▸ TASK DIRECTIONS: The listing below contains a span that opens with the line containing "قاب موبایل آیفون" and closes with the line containing "综合协调中心隋昕哲同学和同学". Return that span exactly.

▸ MATERIAL SHOWN:
________________________________________
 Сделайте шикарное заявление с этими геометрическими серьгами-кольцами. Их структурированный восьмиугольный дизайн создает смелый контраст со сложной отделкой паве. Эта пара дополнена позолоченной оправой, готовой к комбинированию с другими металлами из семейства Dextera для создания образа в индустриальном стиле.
________________________________________
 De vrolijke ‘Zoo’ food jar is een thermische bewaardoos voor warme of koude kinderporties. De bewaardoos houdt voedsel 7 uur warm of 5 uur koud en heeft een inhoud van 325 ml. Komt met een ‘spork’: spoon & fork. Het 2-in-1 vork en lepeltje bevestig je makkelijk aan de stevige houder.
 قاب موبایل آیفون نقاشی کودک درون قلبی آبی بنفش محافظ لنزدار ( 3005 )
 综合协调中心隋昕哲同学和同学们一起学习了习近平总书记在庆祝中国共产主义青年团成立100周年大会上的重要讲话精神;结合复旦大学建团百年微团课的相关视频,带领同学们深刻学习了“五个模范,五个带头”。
________________________________________
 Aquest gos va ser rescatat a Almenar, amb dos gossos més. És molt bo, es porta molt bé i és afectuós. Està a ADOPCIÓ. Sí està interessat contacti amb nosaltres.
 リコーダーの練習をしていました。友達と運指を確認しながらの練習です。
________________________________________
▸ ANSWER BELOW:
 قاب موبایل آیفون نقاشی کودک درون قلبی آبی بنفش محافظ لنزدار ( 3005 )
 综合协调中心隋昕哲同学和同学们一起学习了习近平总书记在庆祝中国共产主义青年团成立100周年大会上的重要讲话精神;结合复旦大学建团百年微团课的相关视频,带领同学们深刻学习了“五个模范,五个带头”。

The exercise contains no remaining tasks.